=== Begin Enclosure ===

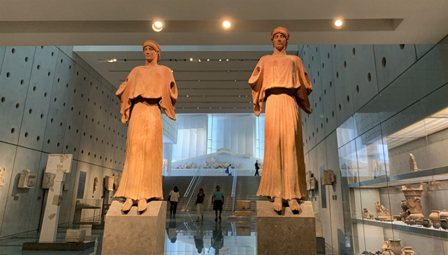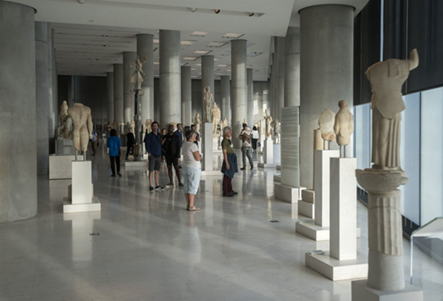 地中海溫暖的陽光透過雅典衛(wèi)城博物館玻璃幕墻灑入展廳,一座座古希臘神話人物和建筑雕像栩栩如生,展示著美和力量,訴說著希臘古典藝術的燦爛輝煌,令人仿佛徜徉于歷史長河里,沉醉在文明畫卷中。
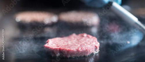 Hamburger cutlet frying on pan.Natural meet loaf pieces cooking in the kitchen.Burger sandwich meat being cooked with a lot of white smoke from a fat and oil.
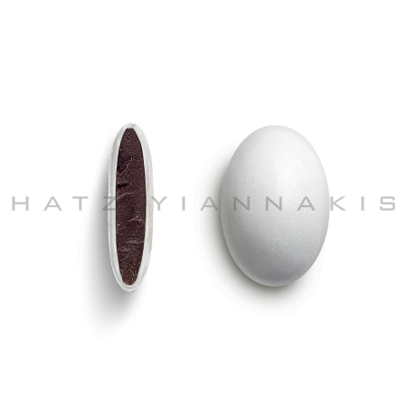 Κουφέτα με πραλίνα και επικάλυψη ζάχαρης σε λευκή γυαλιστερή απόχρωση.
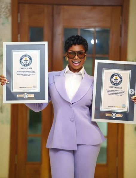 Former Big Brother Naija housemate Tacha Akide has shared photos of her Guinness World Record plaque, celebrating her accomplishment of completing 82 makeovers in 8 hours and 143 makeovers in 24 hours, surpassing the previous record of 64 makeovers in 8 hours.
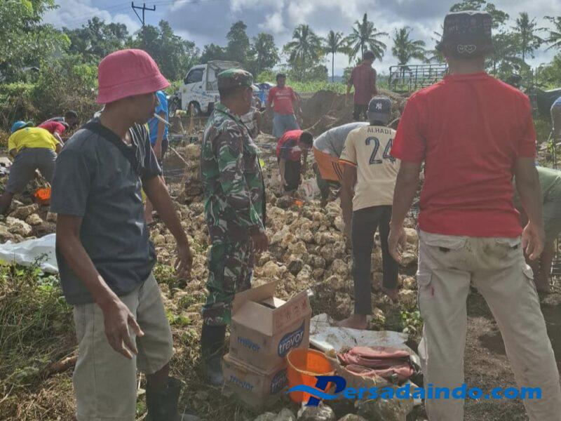 • Babinsa Katikutana Bersama Warga Gotong Royong Bangun Pondasi Rumah

=== End Enclosure ===

| Requirement |
Your answer must be the full listing, copied exactly, with no pictures in it.

| Your response |
 地中海溫暖的陽光透過雅典衛(wèi)城博物館玻璃幕墻灑入展廳,一座座古希臘神話人物和建筑雕像栩栩如生,展示著美和力量,訴說著希臘古典藝術的燦爛輝煌,令人仿佛徜徉于歷史長河里,沉醉在文明畫卷中。
 Hamburger cutlet frying on pan.Natural meet loaf pieces cooking in the kitchen.Burger sandwich meat being cooked with a lot of white smoke from a fat and oil.
 Κουφέτα με πραλίνα και επικάλυψη ζάχαρης σε λευκή γυαλιστερή απόχρωση.
 Former Big Brother Naija housemate Tacha Akide has shared photos of her Guinness World Record plaque, celebrating her accomplishment of completing 82 makeovers in 8 hours and 143 makeovers in 24 hours, surpassing the previous record of 64 makeovers in 8 hours.
 • Babinsa Katikutana Bersama Warga Gotong Royong Bangun Pondasi Rumah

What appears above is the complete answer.